# Feeding Question



## alsea1 (Oct 16, 2013)

I was wondering if grain is really nec. for keeping goats healthy.
I would like fellow goat raisers opinions on this.
Thanks


----------



## NaturesPace (Oct 16, 2013)

I'm new to goats, but I'm going to try to raise my goats without grains. I'm guessing I won't get as much milk and maybe the duration of them providing milk will be shorter. I'm feeding Chaffhaye and alfalfa pellets, while they have unlimited access to forage. They also have loose minerals, baking soda and kelp, free-choice.
I'll see what their condition is while pregnant and milking to decide if I can go grain free. 

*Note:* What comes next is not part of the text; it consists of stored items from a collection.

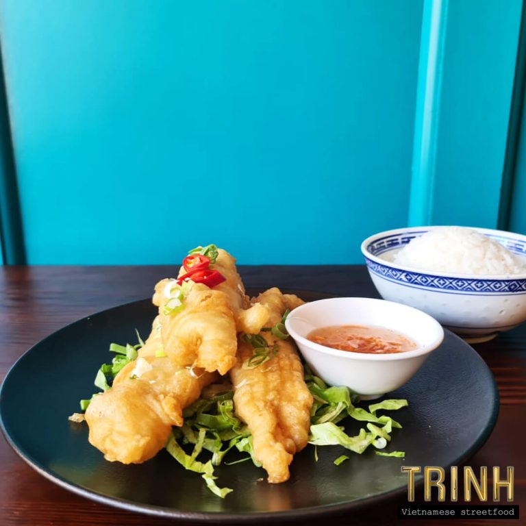 Rijstvermicelli met kip, springrolls, sla, komkommer, munt, gebakken uitjes, pinda, gezuurde groente, lente-uitjes en vissaus
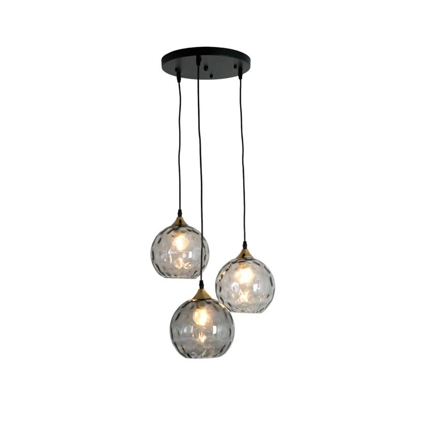Hängeleuchte Milano, drei Schirme aus Rauchglas
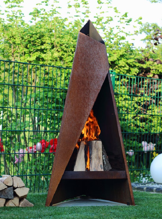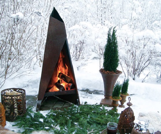 錆びた鉄の味わいを楽しむアウトドアファイヤープレイス。
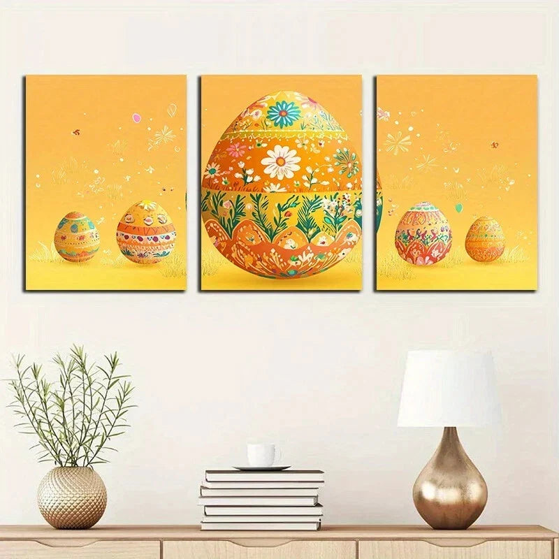 3pcs Vibrant Colorful Eggs Orange Florals Designs Metal Print Ready to Hang Art
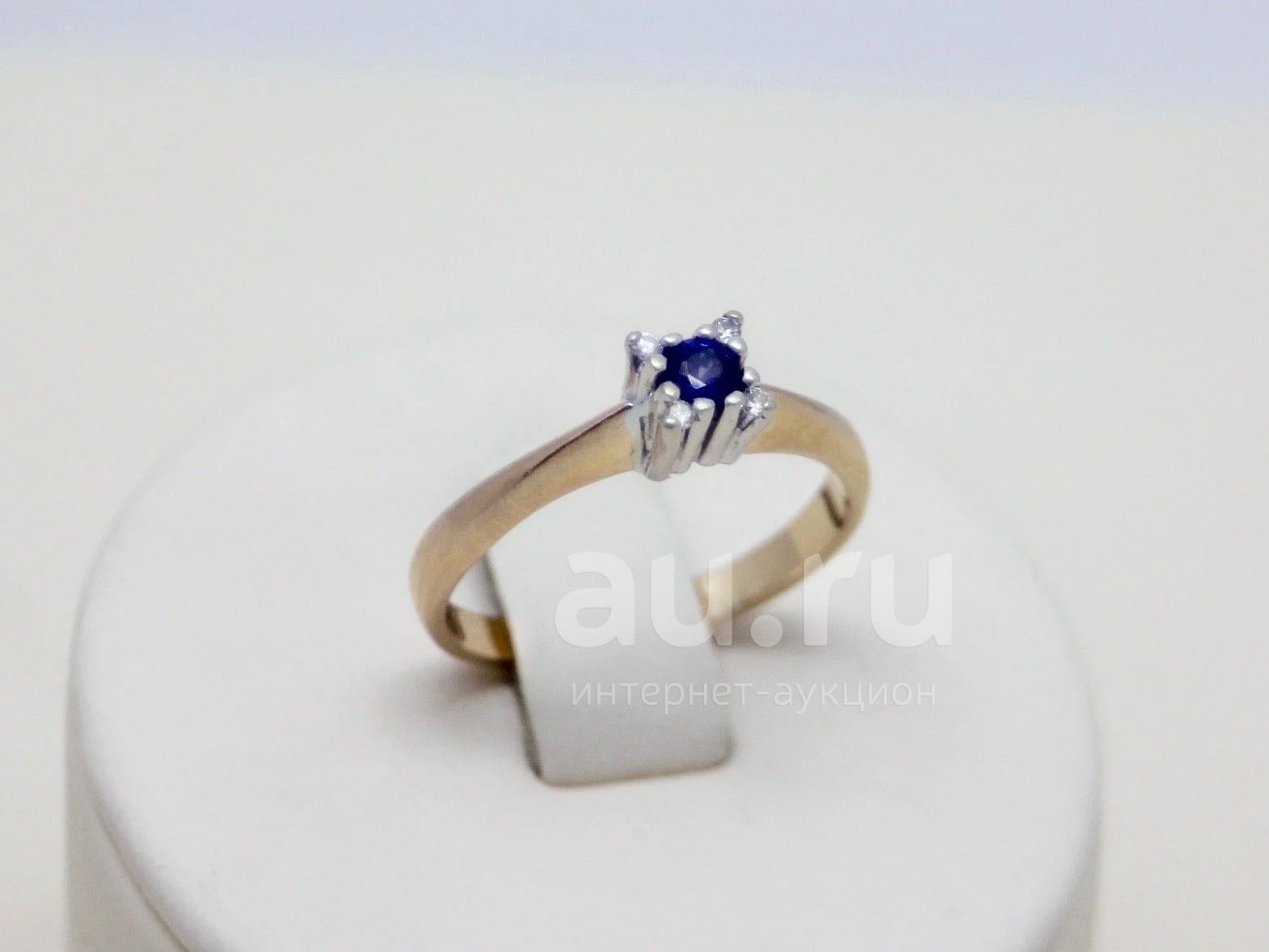 Кольцо из золота с бриллиантами и сапфиром.
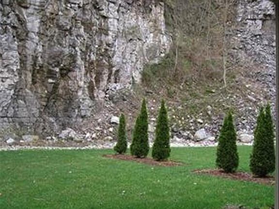Stunning exclusive executive style patio in gated Quarry Bluff Estates. Enjoy private clubhouse with pool & full access to quarry including fishing, swimming & non-motorized boating. Upgrades abound in this spacious & private location such as 8 ft doors & 12 ft ceilings on main floor & custom light fixtures. Granite counters, ceramic floor tile, oversized breakfast bar, & stainless appliances describe your kitchen. Relax on either of your two back patios facing a very private & magnificent setting of 60 ft limestone quarry cliffs & a waterfall. Peace & quiet awaits you in your totally insulated interior (zoned heating) & exterior walls & ceilings; your master includes a vaulted trayed ceiling, seperate tiled shower & whirlpool tub, double vanities, & a large walk-in closet with custom shelving. Seperate loft in 24 x 26 garage for extra storage is a great bonus. Sq ft & rm sz approx.
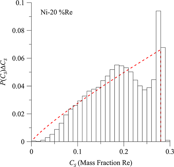 Differential thermal analysis (DTA) and microstructural and microprobe measurements of DTA and as-cast Ni-Re alloys with compositions between 0.20 and 0.44 mass fraction Re provide information to resolve differences in previously published Ni-Re phase diagrams. This investigation determines that the peritectic invariant between liquid, Re-rich hexagonal close packed and Ni-rich face center cubic phases, L + HCP → FCC, occurs at 1561.1 °C ± 3.4 °C (1σ) with compositions of liquid, FCC and HCP phases of 0.283 ± 0.036, 0.436 ± 0.026, and 0.828 ± 0.037 mass fraction Re, respectively. Analysis of the microsegregation in FCC alloys yields a partition coefficient for solidification, k = 1.54 ± 0.09 (mass frac./mass frac.). A small deviation from Scheil behavior due to dendrite tip kinetics is documented in as-cast samples. No evidence of an intermetallic phase is observed.
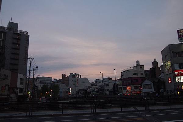 是日婆婆來屋台的時候接近黃昏,落日的餘暉仍支撐著光芒,藍紫透粉、粉橙相間的彩霞剎是美麗。
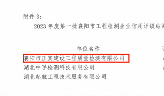 正實公司榮獲襄陽市工程檢測企業(yè)AAA級信用機構(gòu)
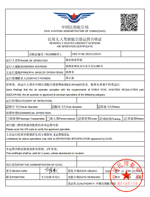 为抢抓低空经济发展机遇,拓宽学子就业赛道,强化专业建设与产业需求的衔接,近日,西安欧亚学院成功取得中国民用航空局(CAAC)颁发的民用无人驾驶航空器运营合格证。这一权威认证标志着学校在低空经济领域的教学实力、安全管理体系获得官方认可,为独立自主合规开展 CAAC 无人机技能培训奠定坚实基础,也为学子解锁多元就业新可能提供有力支撑。
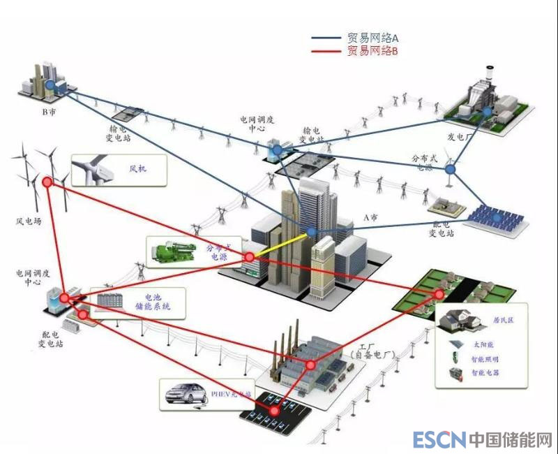 節(jié)點電價所采用的物理潮流模型屬于圖2中第1層(電力系統(tǒng)層)的網絡模型,但電能商品的交易(貿易)關系包括比物理電網更多的社會和經濟屬性,為體現這種復雜的交易(貿易)關系,本文引入“貿易網絡”的概念,一個相關的概念是運營管理(Operations Management)課程中所講的“供應鏈網絡”(Supply chain network,https://en.wikipedia.org/wiki/Supply_chain_network)。供應鏈網絡是基本供應鏈(supply chain)的發(fā)展。由于技術的快速進步,具有基本供應鏈的商業(yè)組織可以將這個鏈發(fā)展成更復雜的結構,涉及更多商業(yè)組織之間的更高層面的相互依賴性和連接性,因而形成供應鏈網絡。在電力市場中,貿易網絡或供應鏈網絡是一種由發(fā)、用電權交易而組成的抽象的網絡,與物理電網是兩回事。電能商品貿易網絡與物理電網的關系可用圖3來表示。圖3中,在同一個物理電網的基礎上,形成了2個貿易網絡,藍色的貿易網絡A由主力化石能源發(fā)電廠、A市的主要商業(yè)負荷、B市負荷和少量可再生能源的電能交易而形成,采用統(tǒng)一電能價格(不含輸配電價)。而紅色的貿易網絡B由工廠及其自備電廠、風電場、居民用戶及屋頂太陽能、A市分布式電源及次要商業(yè)負荷、電池儲能系統(tǒng)及PHEV充電站的電能交易形成,采用統(tǒng)一電能價格(不含輸配電價)。2個貿易網絡在A市相連。顯然2個貿易網絡與物理電網的拓撲結構不同,也不服從物理潮流定律,實際上,貿易網絡屬于圖2中第2層(商品交易層)的網絡模型。
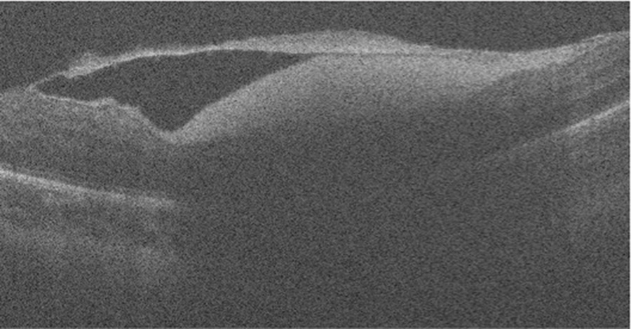Figur 5. Horisontell skanning av centrala delen av makula med handhållen OCT-kamera. Bilden visar en relativt normal näthinna nasalt, en preretinal blödning temporalt och en förtjockad, delvis avlossad glaskroppsyta (hyaloid hinna) posteriort. Med tillstånd från professor Cynthia Ann Toth, MD, PhD, Duke Eye Center, Durham (tidigare publicerad i: Seider MI, Tran-Viet D, Toth CA. Retin Cases Brief Rep. 2016;10(3):283-5).
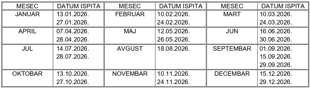 RASPORED POLAGANJA ISPITA ZA VOZAČE ZA 2026. GODINU
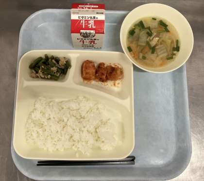 鶏肉のチリソース焼き、焼き豚のスープ、ツナとさんどまめのいためもの、ご飯、牛乳です。
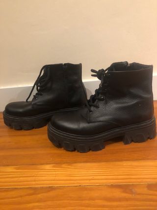 Botas de piel de la marca Oggi, fabricadas en Argentina. Un diseño versátil y moderno. - Material exterior: Piel 100% vacuna. - Cierre con cordones y cremallera lateral. - Suela gruesa y resistente. - Diseño tipo botín.

I would also love to hear if others have had success trying to keep them off of grain.


----------



## WhiteMountainsRanch (Oct 16, 2013)

*Is this a double post Alsea? 
http://www.backyardherds.com/forum/viewtopic.php?id=27914*


----------



## alsea1 (Oct 17, 2013)

No. One is for sheep and the other goats.
I have been feeding grain to them all and its starting to get expensive and I have not really noted a drastic change in weight gain. So I'm thinking that I need to change up.
I was under the impression that alfalfa could cause urinary issues with bucks, so I have not fed alf. just grass hay.  But if its working for everyone else I will try that.


----------



## NaturesPace (Oct 17, 2013)

I don't have any bucks, so I'm not sure how to advise you on that.


----------



## WhiteMountainsRanch (Oct 17, 2013)

*Oops sorry, I totally missed that- it was late!  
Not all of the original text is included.